4. Cease Posting Articles About How "Real" of a Person Jennifer Lawrence Is.

You'd think the internet was invented specifically for talking about how wonderful Jennifer Lawrence is. Social media has embraced the Oscar winner because she's just like us! (She hugs babies! She uses butt-plugs! She is flawless in every way!) but if we continue to put Ms. Lawrence up on a pedestal, we will inevitably have to watch her public fall from glory the likes of which this country hasn't seen since Pee Wee Herman. Eventually, someone will write an article about how not-so-great she is (lies! She's wonderful!) and it will create an unexpected maelstrom of bad buzz for America's sweetheart. Because you can no longer make a decision for yourself without consulting social media -- you will start to dislike Jennifer Lawrence as well for no reason whatsoever. Listen, I went through this with Britney Spears back in 2007, and I don't have the mental bandwidth to watch another diva spiral out of control. LEAVE JENNIFER ALONE!!! Let her be perfect and beautiful without posting a Buzzfeed article about it every day. She made it through two Hunger Games for Christ's sake, isn't the enough for you people? What the hell more do you want from her?

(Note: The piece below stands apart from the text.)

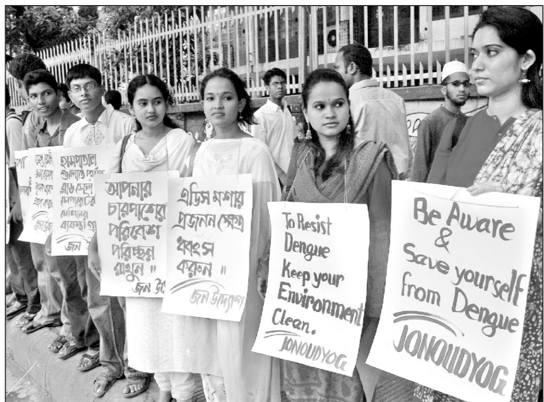
Jono Udyog forms a human chain in front of Fine Arts Institute in the city yesterday with a slogan 'Social awareness to prevent dengue'.

5. Not Having an Opinion Other Than Love or Sheer Hatred.

Social media has essentially turned us into our grandparents. Our hearts are warmed or we are completely outraged by a newspaper clipping we have found that day. We're bi-polar geriatrics. I don't think I have ever seen someone post an article to their Facebook wall that says something like: "This article was very interesting because of A, B, and C, although, I don't completely agree with X, Y and Z. What do you think?" It's always "Woof! I hate this so much, I want to find the author and kill him" or "OMG, I LOVED THIS! READ! READ! READ!" The thing is, most articles posted online or in magazines are intended to either start a discussion or show you two sides to a certain story -- not completely outrage or fill us with love. Next time you read an article and comment about it on your Facebook wall, remember, it's OK to have an opinion. Anything at all besides complete love or absolute hate works too.

6. Stop Taking Pictures of Your Casual Dates.

If you're not in a long term relationship, please god stop taking pictures of yourself with the people you're casually dating - it confuses the dating marketplace. Navigating the dating world is hard enough without having to stalk your potential new love interest on Facebook every day to see who he or she is canoodling with now. After a while, your friends will know that it is almost inevitable that person you're standing next to today will have a new face and a new name by month's end and no one will take you seriously once you're in an actual relationship. This also doesn't make you popular: it makes you a slut.

7. Stop Mean Tweeting.

If you're old enough to know better, then you probably shouldn't do it. I miss the old days of picking up the phone or meeting for coffee and hashing out a problem instead of hash tagging out it for the world to see. It doesn't make you cool and doesn't get your point across, it actually makes you look like a psychopath with emotional issues who doesn't really care that the person they're saying something awful to, actually has feelings on the other end.

Instead of trying to shed excess weight or drinking less in 2014 (you know you will only last a few weeks, let's face facts here) let's all try to make the Internet a happier place. It's so much easier and more rewarding than a New Year's resolution you know you can't keep.